This repository contains the implementation of Iterative Local Polynomial Regression estimator for semiparametric dynamic pricing.
Contents:
code/simulation/: synthetic experiment code.
code/semi_real/: semi-real experiment code.
data/competition_data_2023_09_25-2.csv: real-data source used in the semi-real experiments.
outputs/simulation_comparison/: synthetic summary CSV and plot.
outputs/semi_real_comparison/: semi-real summary CSV, main comparison plot, histogram plot, and histogram summary CSV.
Main entry points:
- Synthetic experiments:
python code/simulation/run_methods.py
python code/simulation/plot_methods.py
- Semi-real experiments:
python code/semi_real/run_real_methods.py
python code/semi_real/plot_real_methods.py
python code/semi_real/plot_real_improvement_histogram.py
We study a contextual dynamic pricing problem under a semiparametric demand model, where the purchase probability takes the form $1 - F(p - m(\boldsymbol x))$ with mean utility $m(\boldsymbol x)$ given the product feature $\boldsymbol x$ and the market noise distribution $F$. Existing approaches for this model either suffer from suboptimal regret rates or require strong structural assumptions that limit flexibility.
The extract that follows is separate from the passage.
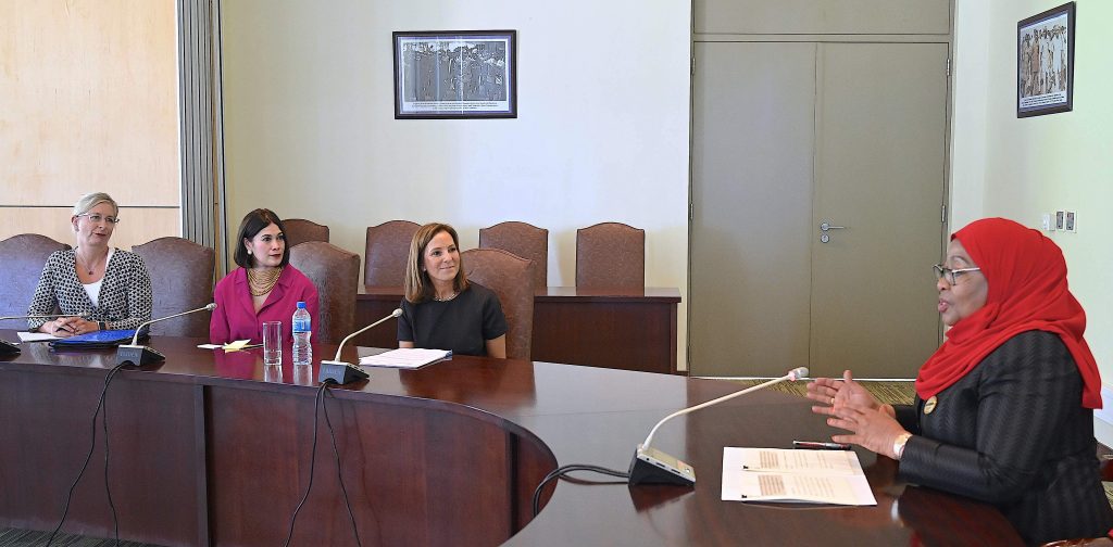 Rais wa Jamhuri ya Muungano wa Tanzania Mhe. Samia Suluhu Hassan akizungumza na Rais wa Mahakama ya Umoja wa Mataifa (UN International Residual Mechanism for Criminal Tribunals-(IMRCT) Craciela Gatti Santana aliyeambatana na Ujumbe wake Ikulu Jijini Dar es Salaam

We propose a stagewise greedy pricing algorithm that iteratively refines the estimate of the unknown distribution $F$ using local polynomial regression, while pricing greedily using the currently available estimates. Our algorithm exploits feature diversity to reuse endogenous samples collected during exploitation for nonparametric function estimation, avoiding the need for costly global random exploration in the previous literature.
We derive a general upper regret bound for a given utility estimator $\hat{m}$ and provide the explicit regret rates for $m$ in linear, nonparametric additive, and sparse linear classes. In particular, for linear function class, we establish a regret bound of order $T^{\max{1/2,,3/(2\beta+1)}}$, where $\beta$ denotes the smoothness of $F$ and $T$ represents the time horizon. This improves upon the best known rates for semiparametric contextual pricing and attains the parametric $\sqrt{T}$ rate when $\beta \ge 5/2$. We complement our upper bound with a matching lower bound, demonstrating the optimality of our approach. Numerical experiments corroborate the theoretical findings and highlight the practical benefits of iterative refinement.